La conférence d’ouverture, ou interviendra le secrétaire d’État au numérique Cédric O, donne d’ailleurs le ton général : “La capacité d’adaptation grâce aux nouvelles technologies, à l’intelligence humaine et artificielle”.

Mais finalement, ces smart city, sont-elles vraiment intelligentes ?

La question peut paraître saugrenue, mais pour GreenSI, aujourd’hui, ces villes sont plus connectées qu’intelligentes.

Lançons le débat avec ce billet !

Elles organisent la création de données, par des capteurs ou des habitants, mais pour des finalités très limitées comme d’optimiser l’éclairage public, éviter les inondations ou de faciliter les déplacements.

Elles reposent sur des algorithmes prédéfinis à l’avance, comme : “s’il n’y a personne dans la rue alors tu peux baisser la luminosité de 50%”. Algorithme ou intelligence ?

L’intelligence fait référence à la faculté de connaître (de se rappeler et donc d’avoir les données) mais aussi de comprendre, ce qui permet ensuite de s’adapter.

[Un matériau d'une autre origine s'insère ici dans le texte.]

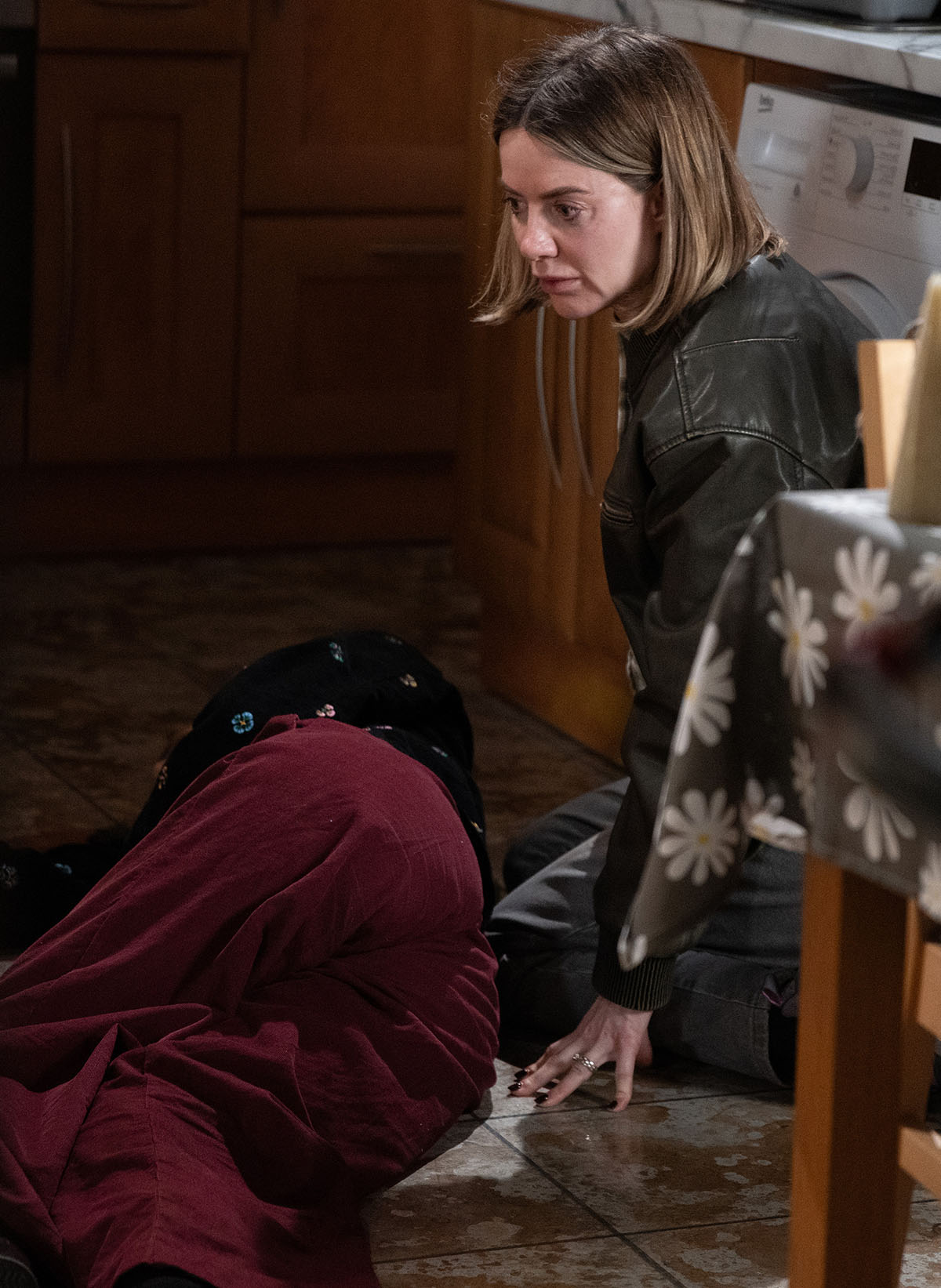 When Leanne (Jane Danson) arrives on the scene, clearly inebriated, she tries to check on her sister but an annoyed Nick sends her away.

C’est une notion dynamique et l’homme a appris à la maîtriser. Aujourd’hui c’est la connaissance qui permet à ces villes de s’adapter, via des algorithmes codés, sans passer par la case “compréhension” au-delà des cas déjà connus et documentés. Pour GreenSI, ce n’est donc pas encore un mécanisme de mise en œuvre d’une intelligence de la ville.

De plus, de cette façon, elles savent résoudre des problèmes dans chaque domaine séparément, mais pas encore de façon transverse aux domaines, ce qui est une autre étape dans le degré d’intelligence. C’est ce que GreenSI appelle, la différence entre compliqué et complexe.

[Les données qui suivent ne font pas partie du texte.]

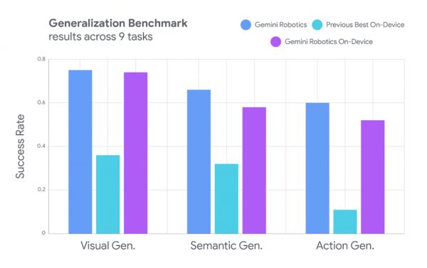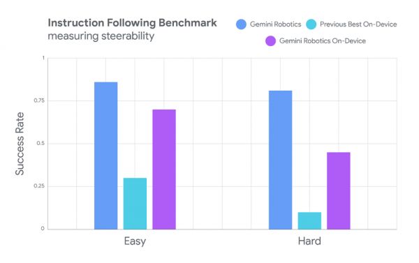 在更具挑战性的分布式任务或复杂的多步骤指令执行中,Gemini Robotics On-Device的表现依然优于目前其他本地运行的替代方案。

Pour résoudre un problème compliqué il faut juste plus de puissance, plus de travail, plus de ressources, plus d’énergie… Ce n’est pas toujours accessible, mais cela n’est finalement pas si compliqué 😉

En revanche pour résoudre un problème complexe, qui cumule des problèmes différents (de chaque métier) et les croise de façon exponentielle, il faut diversifier les expertises, les faire collaborer tout en cherchant à réduire les dépendances. Éclairer une rue réduit la délinquance mais perturbe la biodiversité nocturne. L’optimum de l’algorithme d’éclairage précédent devient tout d’un coup moins évident…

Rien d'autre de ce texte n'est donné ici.